Abundant Living Vol. XVII, Issue 8

“You armed me with strength for battle . . .”  – Psalm 18:39 

According to my airline pilot friends the periodic flight simulator training and testing they are required to undergo has less to do with the basics of normal takeoffs, landings, and flying their particular aircraft, and much more to do with responding to adverse situations.  Most experienced professional pilots can practically fly a plane blindfolded.  But what they must practice over and over is how to react when things go awry, of which there are endless possibilities.  More than anything else, and thankfully so, it is this preparedness that limits the number of mishaps to the small percentage it is.

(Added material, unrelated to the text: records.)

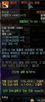 마찬가지로 속강이 붙었지만 힘이안붙어서 다크루브보단 (별차이도 안나지만)후지다 ps. 두아이템 공통사항으로 맞으면 데미지를 주는 옵션이기떄문에 마테카와 아그네스에서 제발 뺴주세요 하는 아이템이다. 마테카같은경우 여러대를 패는 패턴을 화형의모로스낀놈한테쓸경우 파티원들이 녹아내린다. 다크루브도 옵션을 잘맞으면 역시 녹아내린다. 주의요망템 에픽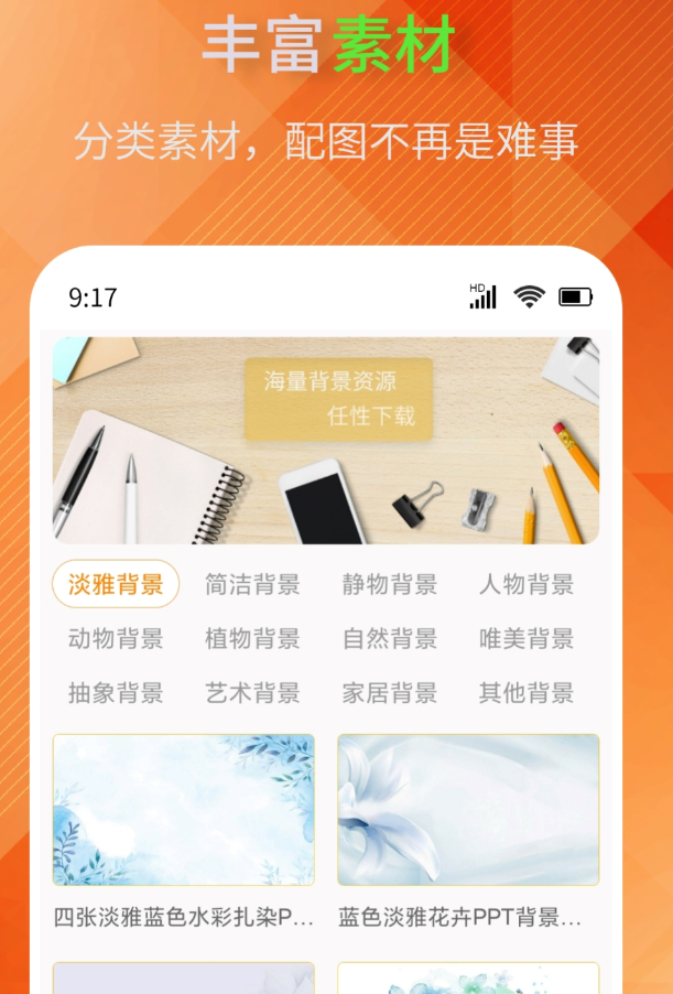 模板数量是主打卖点,风格分类做得很细,简约大气、经典商务、实用扁平、卡通可爱、中国风、科技感都有单独的分区。按使用场景筛选也很方便,工作汇报、课件制作、招聘展示、节日庆典这些标签可以快速定位需要的模板。下载后直接替换文字和图片就能用,不需要调整排版。模板都是免费下载,没有隐藏收费项目,下载后可以保存到本地,也能上传到电脑端继续编辑。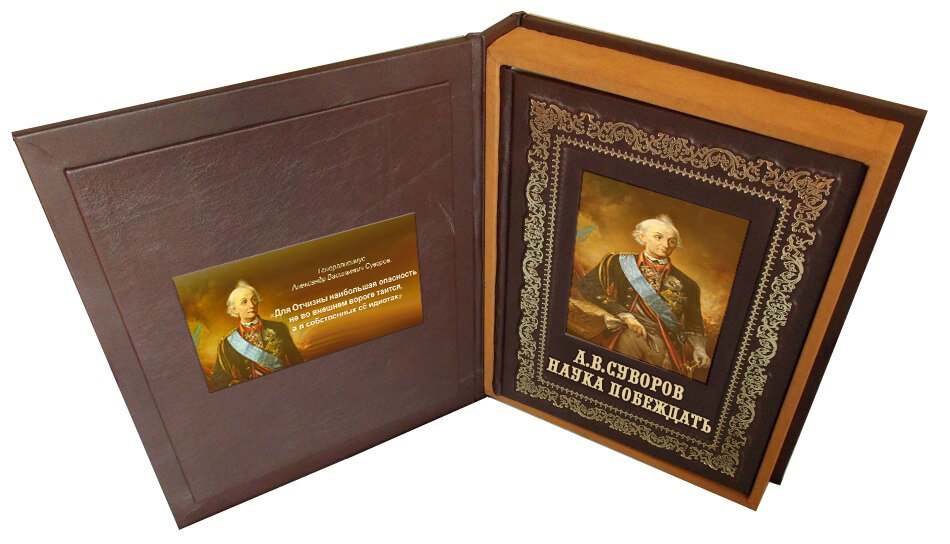 Страниц: 448 (Мелованная) Масса: 2054 г Размеры: 311x248x28 мм Подарочная книга, кожаный переплет Знаменитый трактат А. В. Суворова "Наука побеждать". В книгу также вошли автобиография А. В. Суворова, описания битв и походов знаменитого военачальника, наиболее полная коллекция афоризмов и высказываний А. В. Суворова, а также стихи известных русских поэтов о великом полководце и подробнейшая хронология жизни и деятельности А. В. Суворова. Подарочные книги.ру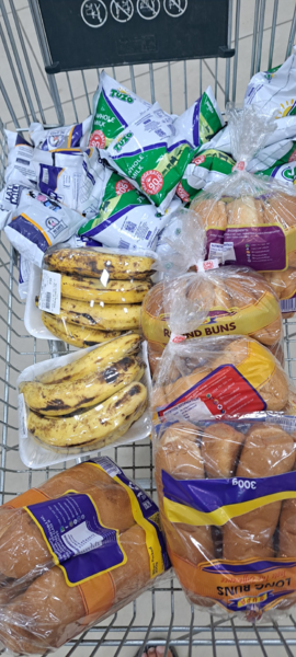 Zunächst haben wir besonders gefragte Lebensmittel wie Milch und Brot sowie Bananen eingekauft, dann ging es los. Einige TShirts konnten wir auch noch mitnehmen.

Likewise, there are a lot of excellent golfers around, but only an elite few become PGA winners.  The difference between the amateurs and pros is not that the pros necessarily hit the ball longer and straighter and sink more putts, nor do the pros do a better job of avoiding trees and sand traps.  What the pros do better, thus setting them apart from the amateurs, is recovering from the tree hazards and sand traps – dealing with the adversity they encounter.  Same is true for football, baseball, soccer, basketball, or any other team sport.  Certainly the teams who play the best and make the fewest mistakes will have the advantage, but odds are the winners will also be determined by the teams who scramble out of tight situations most effectively.

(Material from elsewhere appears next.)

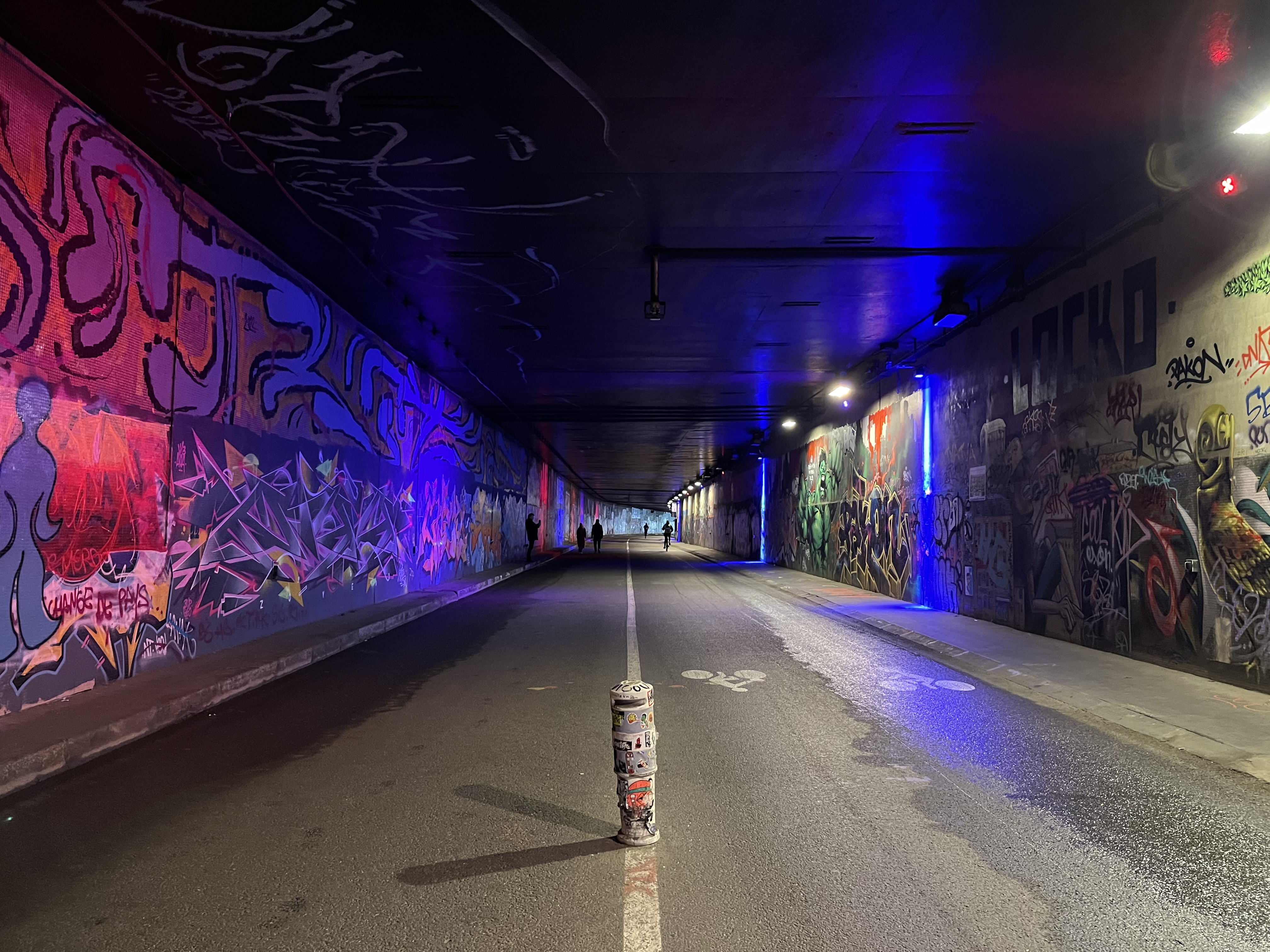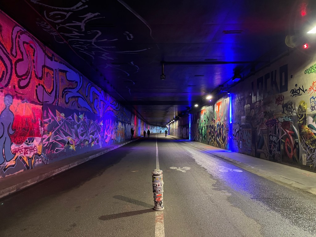 We had an unusual walk on the highway beside the Seine that is now closed to cars and open to pedestrians, cyclists, and scooters. A friend had invited us for a stroll by the river, but the water level was so high that part of the riverside path was closed. We ended up in a former highway tunnel. It was well lighted and ventilated, covered in graffiti (some of it sanctioned), and we emerged after more than a mile feeling faintly bemused but impressed.

In my youth I had dreams of a perfect life, perhaps you did too – perfect job, perfect home, perfect family, perfect everything.  But life doesn’t work that way, does it?  “In this world you will have trouble,” Jesus reminds us (John 16:33).  Adversity is inevitable.

For those of us who live in Texas, as well as many other parts of the U.S., we have certainly experienced our share of adversity this past week from what has been an unprecedented and devastating winter storm.  (Need I mention the extraordinary adversity over the past year?)  But what separates an abundant life from a tragic one is neither the absence of adversity nor the severity of it.  Rather, as with the difference between professionals and amateurs, it is how we deal with it when it occurs.  It has to do with “being armed . . . with strength for the battle,” as the Psalmist says, the source of which comes from leaning on the One who arms us with that very strength.